The Times doesn’t mention that those disruptions were ultimately largely successful.
The most unfair—and the most revealing—line in the obituary, though, is the one about enjoying provocation for its own sake. In context:
Mr. Kramer enjoyed provocation for its own sake — he once introduced Mayor Edward I. Koch of New York to his pet wheaten terrier as the man who was “killing Daddy’s friends” — and this could sometimes overshadow his achievements as an author and social activist.

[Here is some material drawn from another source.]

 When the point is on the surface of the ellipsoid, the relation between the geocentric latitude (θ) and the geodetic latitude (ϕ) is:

The encounter with Koch related here is anything but “provocation for its own sake.” It’s a speaking-truth-to-power moment in which Kramer confronted an official whose decisions did indeed have life-or-death consequences for New Yorkers at risk for AIDS, and who deserves shared blame for the city’s death toll because of those decisions.

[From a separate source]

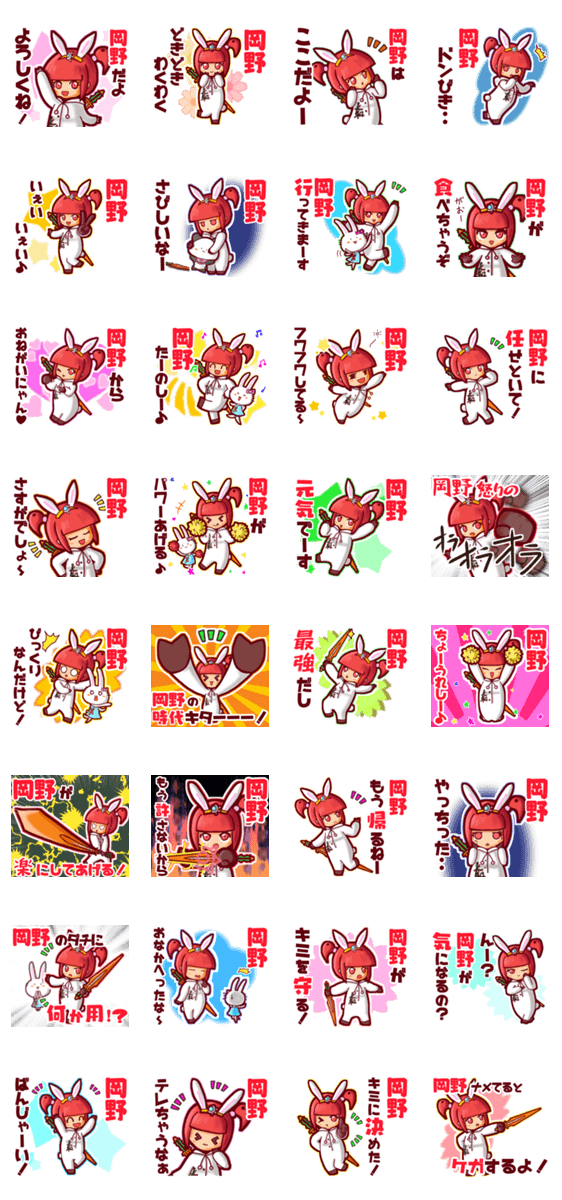 | スタンプ説明 | ゆっけ。が贈る【岡野】用名前スタンプ12です。友達や恋人、グループでのやりとりにぜひ。《きぐるみじょし》01「うさぎなミコちゃん」と親友の「ガルうさ」です。 |

The Times’ failure to recognize the Koch anecdote as a deliberate political act goes to the heart of the underlying problem with this obituary—and it’s the problem with much of the New York Times’ coverage of social movements. To acknowledge the role that Kramer and ACT UP played in US politics is to admit that direct action, civil disobedience and other disruptive strategies of power from below work. Which is to say, the Times has it exactly backwards: Kramer’s confrontational approach didn’t “overshadow his achievements,” they are what made his achievements possible.
This truth could hardly be more relevant right now. Jeff Bezos is making headlines as the world’s potential first trillionaire, while he cuts hazard pay for Amazon workers. Trump forces immigrant workers back to unsafe meatpacking plants, while speeding up the deportation of children. Governors are “reopening” despite expert warnings, while BIPOC communities suffer and die disproportionately. Tens of millions face housing and food crises, while corporations walk away with the relief funds meant for small businesses. And police are savaging anti–police violence protesters from coast to coast, while Trump cheers from the only place in America that has consistent testing and contact tracing.
If ever there was a time to act up, be confrontational, disrupt and demand an end to this dystopia, it is now. Larry Kramer was right: “If you write a calm letter and fax it to nobody, it sinks like a brick in the Hudson.” Let’s honor his legacy and raise hell.